_Data extract_
Content starts
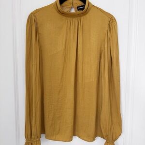đź’›Catherine Malandrino Gold Pleated Blouse with Mandarin Collar
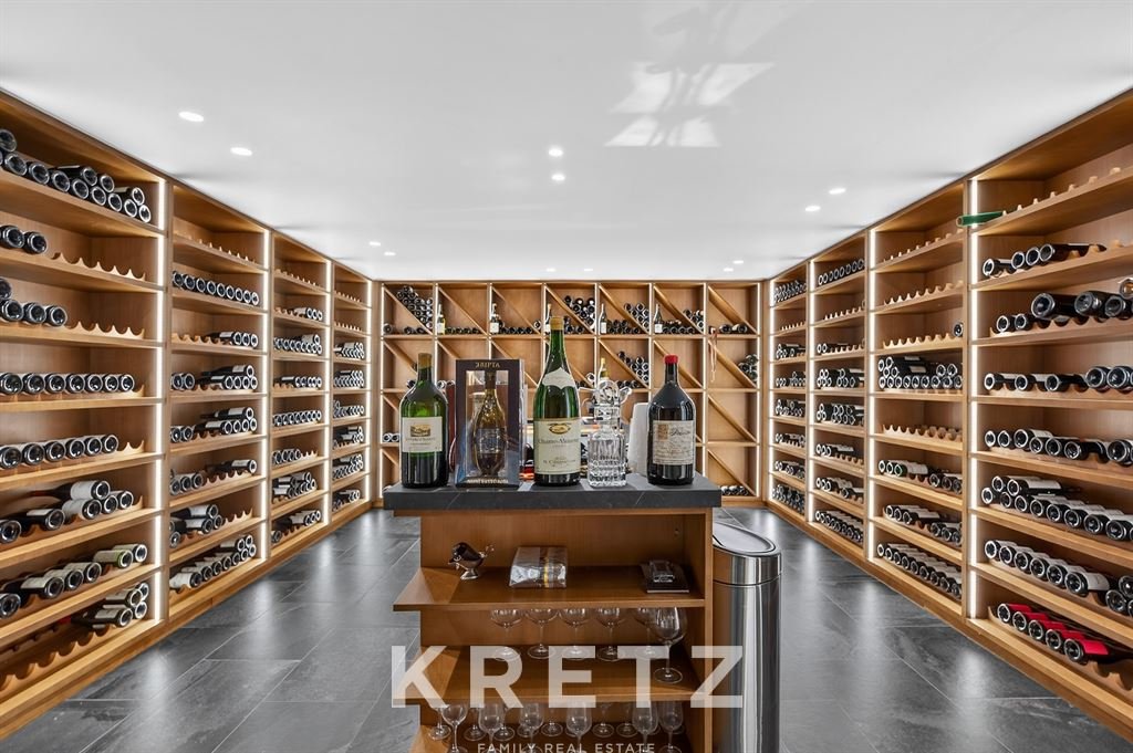 Im Untergeschoss befinden sich zwei weitere geräumige Schlafzimmer mit eigenem Bad, ein großzügiger Fitnessraum und ein beeindruckender Weinkeller mit Platz für mehr als 2500 Flaschen sowie eine Waschküche und eine Garage.
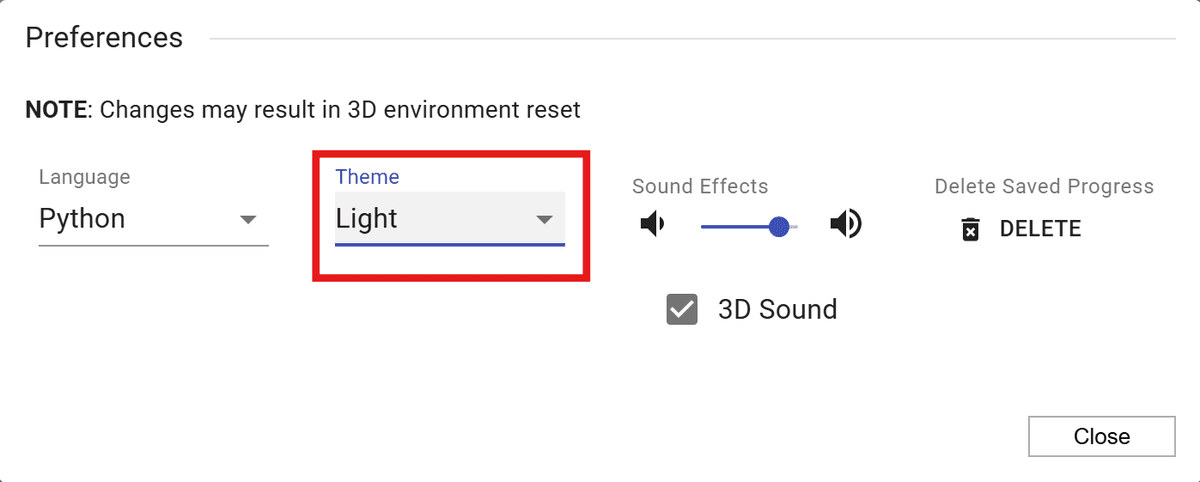 The default theme pin CodeSpace is “Dark,” with a black background and white text. You can increase the visibility and contrast by changing the theme to “Light.” Click on the preferences icon:
Content ends
_Aim of the exercise_
Line by line, write out the material exactly, leaving the images out.

_Output below_
đź’›Catherine Malandrino Gold Pleated Blouse with Mandarin Collar
 Im Untergeschoss befinden sich zwei weitere geräumige Schlafzimmer mit eigenem Bad, ein großzügiger Fitnessraum und ein beeindruckender Weinkeller mit Platz für mehr als 2500 Flaschen sowie eine Waschküche und eine Garage.
 The default theme pin CodeSpace is “Dark,” with a black background and white text. You can increase the visibility and contrast by changing the theme to “Light.” Click on the preferences icon:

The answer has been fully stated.